DATE: Sunday, January 21, 1996               TAG: 9601220013
SECTION: CURRENT                  PAGE: NRV2 EDITION: NEW RIVER VALLEY 
COLUMN: dispatches from rye hollow
SOURCE: STEVE KARK


WOODSMAN WEATHERS STORM IN . . . ARIZONA

I'd like to be able to say I weathered the recent winter storm with grit and self-reliance. That my wife and I hunkered down in Rye Hollow, stocked up on firewood and supplies, and waited it out like true woodsfolk.

I could go into a long-winded account of how we cleaned out the wood stove and set aside a big pile of kindling; or how we propped the snow shovels near the back door and put new mantles on the Coleman lanterns.

I'd like to say that this is what happened, but it wouldn't be right.
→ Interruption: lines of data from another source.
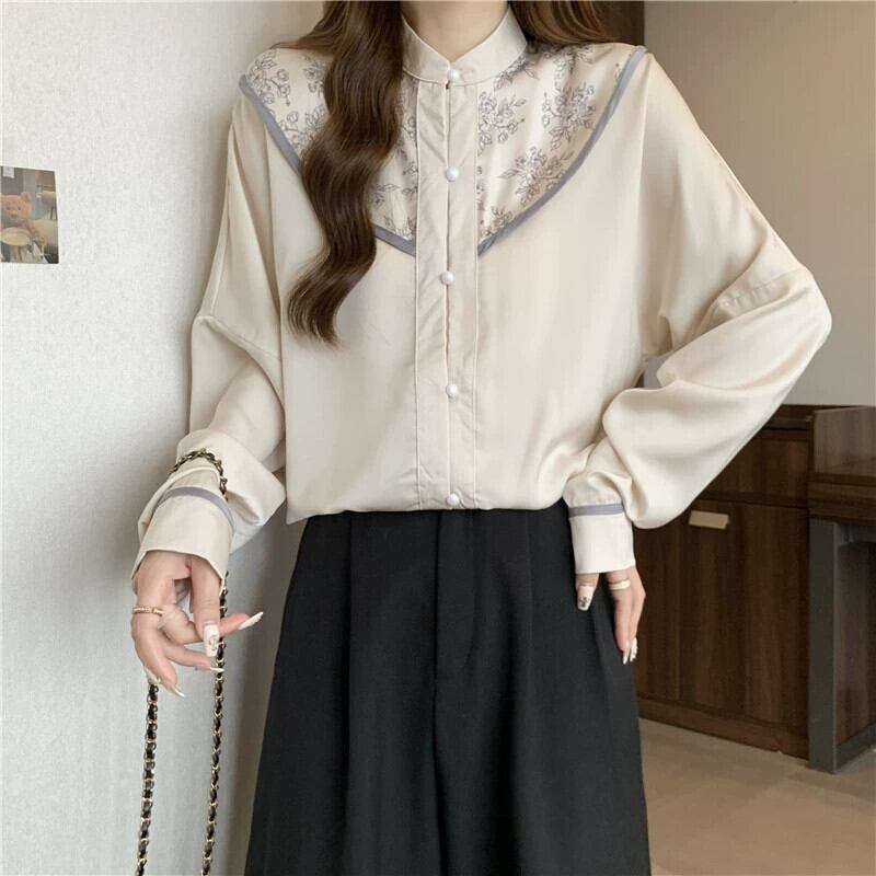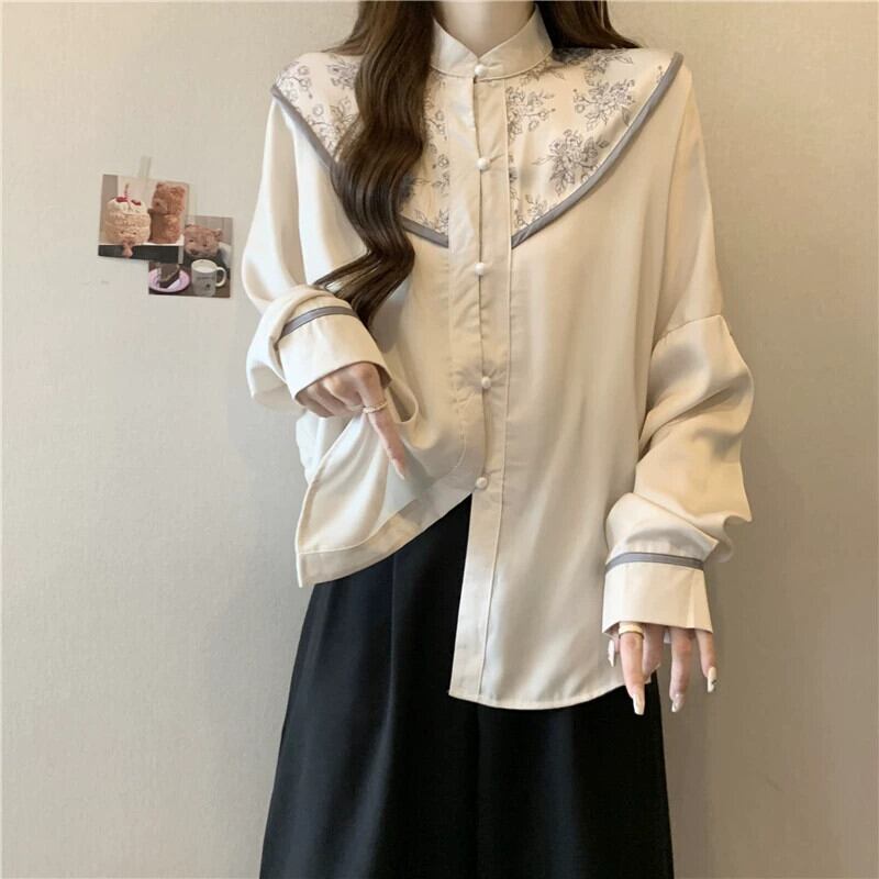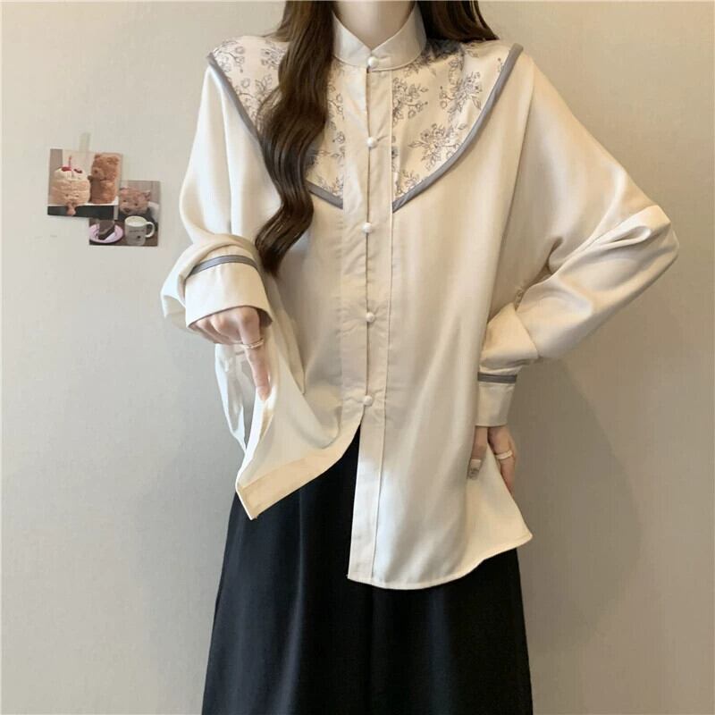 プラスサイズの女性の脂肪 mm 春の新スタイル 2024 長袖新中国スリムシャツ国民スタイル多目的腹カバートップ ロング 大きめサイズ スプリング 春物 8884138606656321
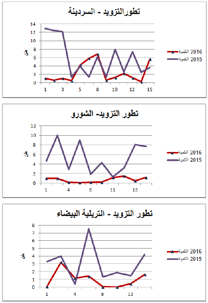 القارص: زيادة نسبية في التزويد مقارنة بنفس الفترة من سنة 2015 ويقدر مؤشر الكميات بـ 113.
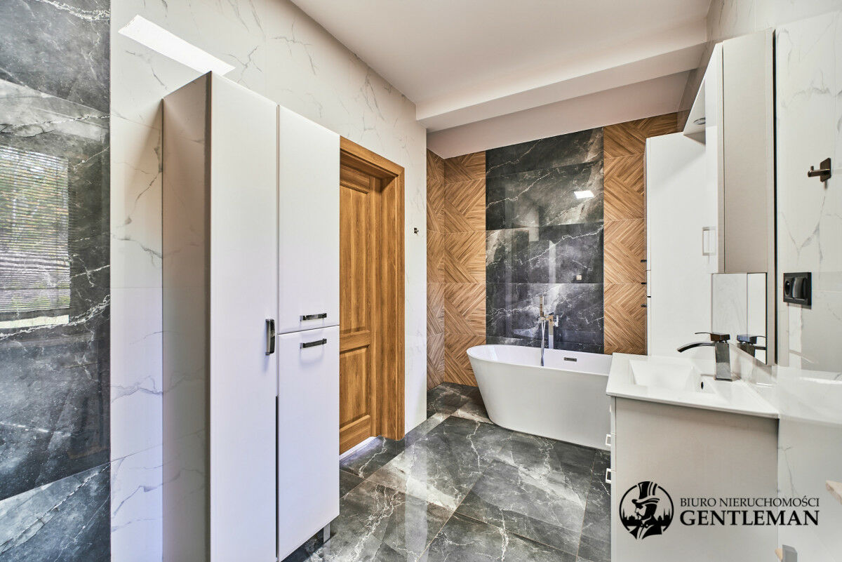 - 3 stylowe łazienki, każda z prysznicem i toaletą, w tym jedna z wanną, wykończone z dbałością o detale i nowoczesne trendy.
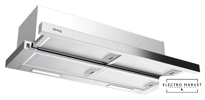 конструкция коробчатая, монтаж настенный, ширина 90 см, управление механическое/кнопочное, производительность мотора 550 м³/ч, цвет черный
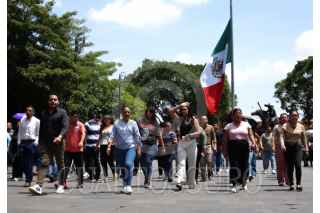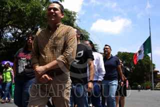CUERNAVACA, MORELOS, 19SEPTIEMBRE2025.- En punto de las 12:00 horas llego un mensaje a los celulares para probar la funcionalidad del Sistema Nacional de Alertas del Gobierno de México, como parte del Segundo Simulacro Nacional 2025. En la imagen, el desalojo de trabajadores del Palacio de Gobierno de Morelos. FOTO: MARGARITO PÉREZ RETANA/CUARTOSCURO.COM

You see, while the New River Valley was assaulted by one of the worst snowstorms ever, I was a thousand miles away in an Arizona desert, hiking and taking pictures of cacti.

It's not as though we went there to avoid the storm. The trip had been planned months before. Still, this is the second time we've avoided a serious winter storm by escaping to a warmer place; we missed the Blizzard of '93 in the same way.

Mind you, I don't regret missing the snow and all. The romance of new snow wears awfully thin when supplies run low, and you can't get out to renew them. And even under the best of conditions - a full fridge, satellite TV, unread books in the library - cabin fever begins to take hold in a surprisingly short time.

Given a choice, I'd much rather be in the desert. It's just that this pattern of running off when the going gets tough complicates any claim I might make about being a self-reliant woodsman, an image, however phony, I've worked hard at nurturing.

Should the truth be known, chain saws make me nervous. Still, I'd like folks to think I can handle one well enough when I need to. I can split wood too, but the man who keeps cattle in the field above us - a man considerably older than me - puts me to shame when he gets to splitting firewood.

My wife and I both drive four-wheel drive vehicles, and not just because they happen to be the trend at the time. We need them often enough just to get up and down the driveway, even when there isn't 3 feet of snow to plow through.

Nonetheless, after we had returned from our trip, it didn't take me long to get BOTH stuck in the snow. Some self-reliant woodsman!

As I said before, I'd like to be able to say that we dealt with the storm through our own resourceful efforts, but it wouldn't be the truth.

In fact, we weren't home more than a few hours before I began asking the neighbors for help.

And though they had problems of their own, not the least of which included having hungry livestock to feed, they lent a helping hand anyway.

Between them, our neighbors have cleared our road, pulled our vehicles from ditches, picked fresh vegetables for us in the summer and fed our cats while we were away.

I could go on and on.

They know how self-reliant we really are.

I ask you, what am I going to do with neighbors like that? I can't even work up the phony woodsman story with folks like that around.